Mahmoud al-Zahar ( ) (born 6 May 1945) is a Palestinian politician. He is a co-founder of Hamas and a member of the Hamas leadership in the Gaza Strip. Al-Zahar served as foreign minister in the Hamas-dominated Palestinian Authority Government of March 2006 (also known as the First Haniyeh Government) that was sworn in on 20 March 2006. On 10 September 2003, his eldest son Khaled was killed in an Israeli air strike, and his other son, a member of the Hamas military wing, the Izz ad-Din al-Qassam Brigades, was killed by Israeli fire in Gaza on 15 January 2008.

Early life

Little is known about al-Zahar's early life beyond the fact that he was born in Gaza City in 1945, and the report that he was born to a Palestinian father and an Egyptian mother.

At the age of 26, he graduated from the Cairo University Faculty of Medicine and five years later he got his master's degree in General Surgery from Ain Shams University, Cairo. He then became the adviser to the Palestinian Health Minister, and helped create the Palestinian Medical Society and was one of the primary founders of the Islamic University in Gaza in 1978.

Career with Hamas
Al-Zahar was instrumental in the creation of Hamas in 1987. He was detained by Israeli authorities in 1988, and eventually exiled to Lebanon along with a large number of other Islamist activists in 1992. He returned to Gaza after about a year.

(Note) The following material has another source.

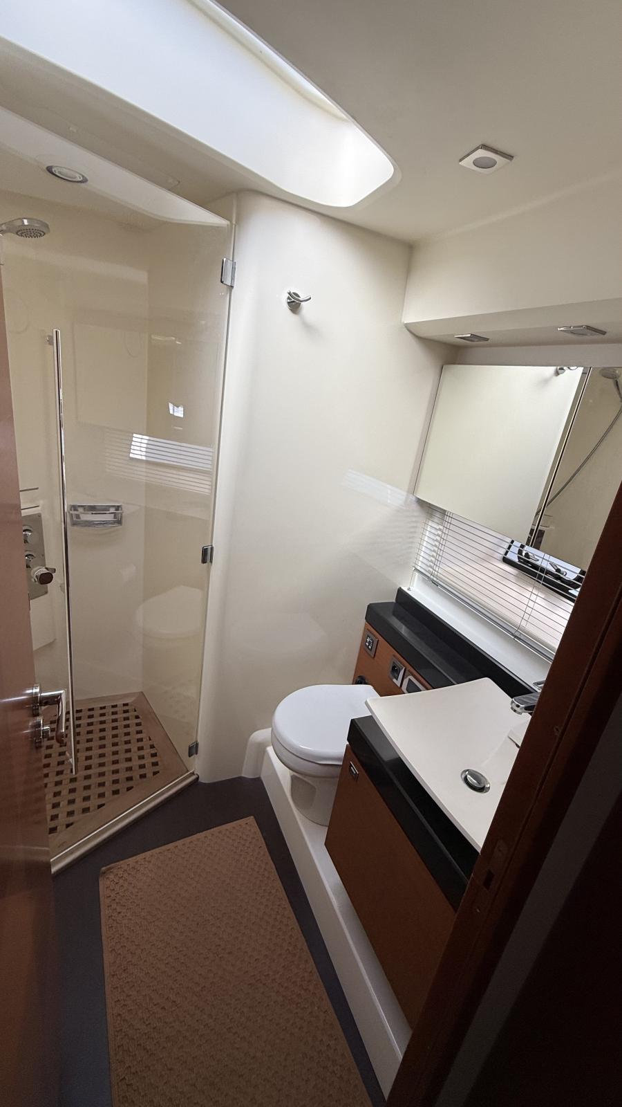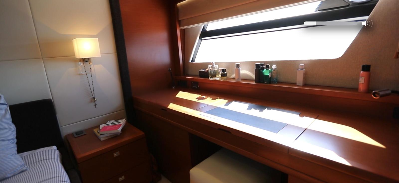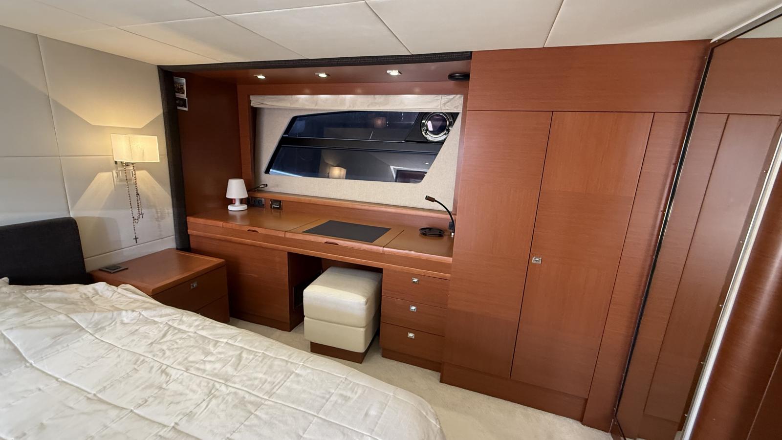 Sa suite propriétaire pleine largeur est située au milieu du navire, avec de grandes fenêtres, un excellent espace de rangement et une salle de bain spacieuse. La cabine VIP à l'avant et la cabine jumelée convertible à bâbord sont également bien conçues, rendant ce yacht idéal pour la croisière en famille ou l'utilisation par un propriétaire-opérateur.

In response to a campaign of suicide bombings by the Izzedine al-Qassam Brigades (IQB), on 10 September 2003 an Israeli F-16 dropped a large bomb over his house in the Rimal neighborhood of Gaza, which only managed to slightly wound him, while his eldest son Khaled, and a personal bodyguard were killed, and twenty others wounded including his daughter Rima. His house was destroyed, and ten other houses nearby were damaged, as well as the nearby Al-Rahman mosque. The resulting funeral was attended by over two thousand mourners, who called on Hamas to avenge the deaths.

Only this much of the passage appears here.